April 7, 2018 by Greg Meckbach
A recent Court of Appeal for Ontario ruling is “great news” for insurers of sports and recreations clients, such as ski resorts, paintball, and dirt biking, a lawyer told Canadian Underwriter Thursday.
In a decision released March 28, the court ruled that two people suing ski resorts where they were injured are subject to the waivers to which they agreed. Allegations against the resorts have not been proven in court.
In two separate Ontario Superior Court actions, the lower court ruled in 2017 that Elizabeth Woodhouse and David Schnarr could sue Snow Valley Resorts and Blue Mountain Resorts, respectively. They were novel rulings, with the judges finding that, under Ontario’s Consumer Protection Act, waivers are void if they negate a requirement under CPA to provide a product of “reasonably acceptable quality.” But under the same circumstances, ski resorts can sometimes use waivers to defend against personal injury lawsuits under the Occupiers’ Liability Act.
Those rulings had “really upset decades of case law and waivers, where insurance companies and resort operators could use these waivers as full-stop defences,” said Robert Betts, the Beard Winter LLP lawyer who defended Blue Mountain.
The March 28 appeal court ruling “has essentially righted the ship and put things back to where they were prior to the lower court decisions,” added Betts. The ruling is “great news for liability insurers, particularly any liability insurer who deals with the recreational industry.”
This could affect not only ski resorts but also companies providing mountain bike riding, rock climbing, scuba diving, and paintball, noted Beard Winter lawyer John Olah, also part of Blue Mountain’s legal defense team, in an interview Thursday.
Separate appeals by the ski resorts were heard together by a three-judge Court of Appeal for Ontario panel.
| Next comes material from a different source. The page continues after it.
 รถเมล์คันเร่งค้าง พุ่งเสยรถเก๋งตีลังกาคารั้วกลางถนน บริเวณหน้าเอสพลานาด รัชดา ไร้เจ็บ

The appellate court referred the cases back to the Superior Court of Justice, ordering that the lower courts proceed on the basis that the waivers apply not only to negligence allegations under the Occupiers’ Liability Act but also to breach of warranty allegations under the Consumer Protection Act.
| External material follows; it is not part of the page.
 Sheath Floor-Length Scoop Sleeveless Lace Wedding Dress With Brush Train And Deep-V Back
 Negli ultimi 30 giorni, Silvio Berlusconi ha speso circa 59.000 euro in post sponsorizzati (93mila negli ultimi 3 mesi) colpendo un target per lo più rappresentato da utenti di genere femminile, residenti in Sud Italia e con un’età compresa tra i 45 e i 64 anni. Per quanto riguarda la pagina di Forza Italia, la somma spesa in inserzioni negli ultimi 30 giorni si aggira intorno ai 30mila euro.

Schnarr bought a season ski pass from Blue Mountain’s website in 2010. On Mar. 26, 2011, while skiing on a trail called the “Smart Alec,” Schnarr got hurt after hitting a piece of debris and striking a tree. Initially, his lawsuit was framed as a tort claim under the Occupiers’ Liability Act. But in 2016, he also alleged Blue Mountain breached its warranty under the Consumer Protection Act.
Schnarr agreed to an online waiver exceeding 170 words that included “any and all liability for any loss, damage or expense or injury” resulting from “either my use of or my presence” at the ski facility “or travel beyond the ski area boundary.”
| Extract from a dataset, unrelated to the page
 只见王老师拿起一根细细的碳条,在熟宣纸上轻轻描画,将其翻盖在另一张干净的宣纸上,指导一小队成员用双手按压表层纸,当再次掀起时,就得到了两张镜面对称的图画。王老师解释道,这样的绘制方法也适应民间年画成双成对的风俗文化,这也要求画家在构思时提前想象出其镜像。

Schnarr argued the court should “differentiate between occupiers who own land and who require the protection from liability for guests and trespassers who might cross onto their lands, and occupiers who sell a service and take on the additional character of a supplier of services.” The original lower court decision would still have allowed the ski resort to argue it “met the standard of reasonableness both as an occupier and a supplier,” Schnarr had argued.
But it is “absurd” to tell the ski resorts that their waivers protect them from negligence claims but not from warranty claims, Court of Appeal for Ontario Justice Ian Nordheimer wrote in his decision on behalf of the majority. This is because the resorts would “held liable for something that they thought they had lawfully protected themselves against.”
Waivers are “not a total panacea,” Olah said Thursday in an interview. For one, courts have ruled they do not apply to minors.
“Even if you have the waiver, you have to have good risk management policies and practices in place,” Betts told Canadian Underwriter. “If you don’t take reasonable steps to bring a waiver to the attention of the person who is subject to the waiver, the court may not apply it.”